One reason why you may end up with many small files is over-partitioning, as discussed in the previous section on partitioning. An indication that your query performance suffers from too many small files is if the planning phase in the query stats is more than a few percent of the total running time. In the worst case, your queries may fail with an Amazon S3 error saying “Please reduce your request rate.” This happens when the number of files is so great that Athena exceeds Amazon S3 service quotas. For more information, see
Best practices design patterns: optimizing Amazon S3 performance
.
One remedy to solve your small file problem is to use the
S3DistCP
utility on Amazon EMR. You can use it to combine smaller files into larger objects. You can also use S3DistCP to move large amounts of data in an optimized fashion from HDFS to Amazon S3, Amazon S3 to Amazon S3, and Amazon S3 to HDFS. We discuss another alternative to reprocessing data using Athena Spark at the end of this section.
Some benefits of having fewer, larger files include faster listing, fewer Amazon S3 requests, and less metadata to manage.
For example, the following table compares the difference between a query that has to read 100,000 files with a query for the same dataset stored as a single file. Both sets of files contain the same rows, stored as uncompressed text files. The total amount of data is 74 GB.
Query
Number of Files
Runtime
File size, the number of files, and whether the files are compressed can make a big difference to query performance. When the data is not compressed, Athena can process files in parallel, in optimal sizes. This makes processing a single uncompressed text file more efficient than 100,000 files. When the data is compressed, the number and size of the files makes an even bigger difference, but in this case, it’s important to have enough files to allow Athena to process the dataset in parallel.
See the section on creating optimized datasets later in this post for examples on how to rewrite your datasets to combine small files.
5. Use columnar file formats
Apache Parquet
and
Apache ORC
are popular file formats for analytics workloads. They are often described as
columnar
file formats because they store data not by row, but by column. They also have features that allow query engines to reduce the amount of data that needs to be loaded in different ways. For example, by storing and compressing columns separately, you can achieve higher compression ratios, and only the columns referenced in a query need to be read.

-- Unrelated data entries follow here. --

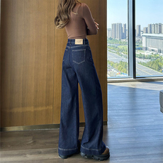 丹宁深蓝色阔腿牛仔裤女春秋季新款高腰显瘦垂感美式宽松直筒裤子
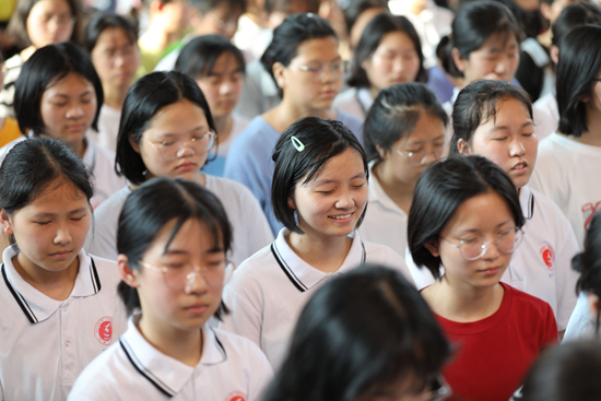 6月28日,湖南永州道县第一中学学生在紧张准备高考的同时,参加心理讲座,开展快乐减压活动。视觉中国供图
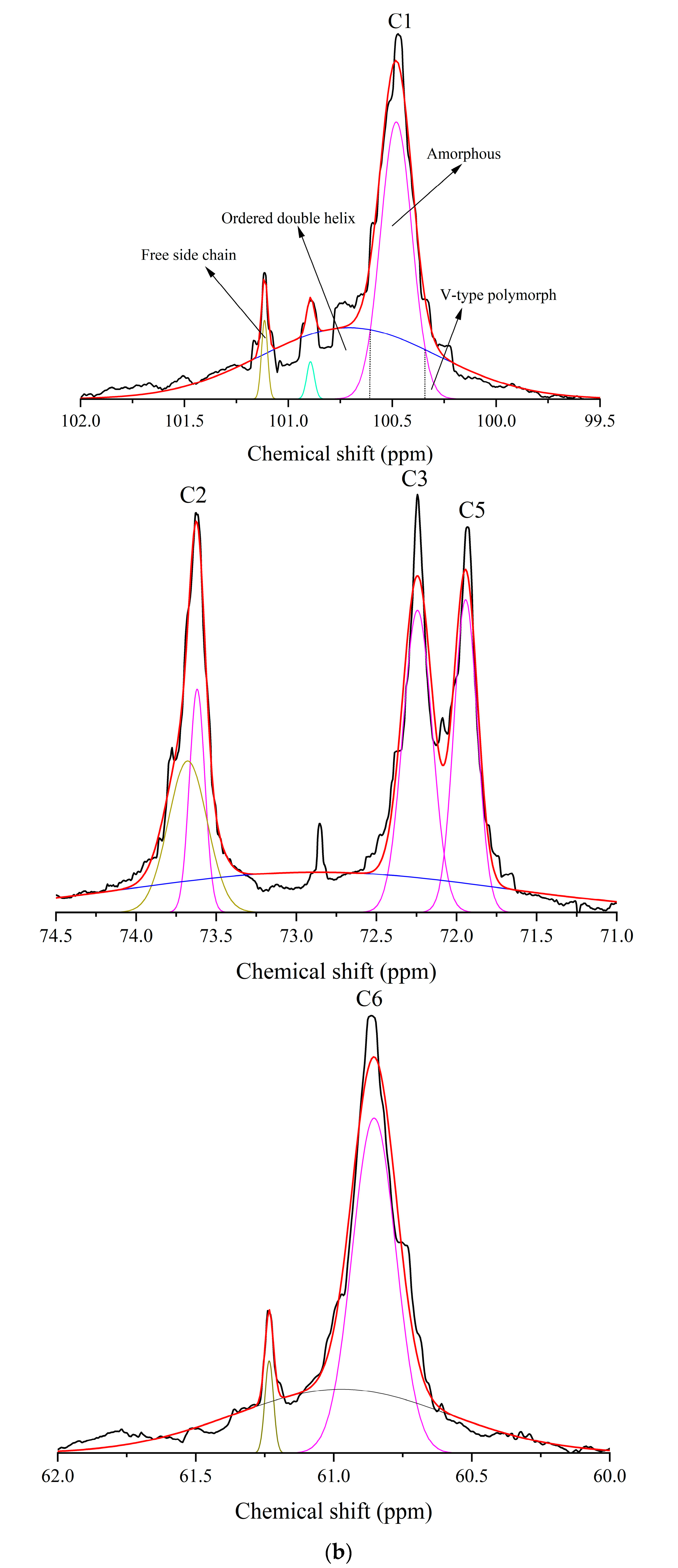 | Samples | Dhelix (%) | Vp (%) | Ac (%) | CH2OH (%) | α-1,6 (%) | α-1,4 (%) |

Columnar file formats use multiple compression strategies for data. For example, a column with many repeated values can be encoded using run length encoding, where the value is stored once along with a repetition count, or dictionary encoded, where each value is replaced by a pointer to a lookup table. Textual data can be compressed with standard compression formats like gzip, Snappy, and zstd. For more details, see
Athena compression support
.
Parquet and ORC can be tuned for different datasets. For example, it can be beneficial to increase the block (Parquet) or stripe (ORC) size in some situations. When a dataset has many columns, we recommend increasing the size from the default 128 MB in Parquet and 64 MB in ORC. This ensures that enough values for each column are stored together and fewer reads are required.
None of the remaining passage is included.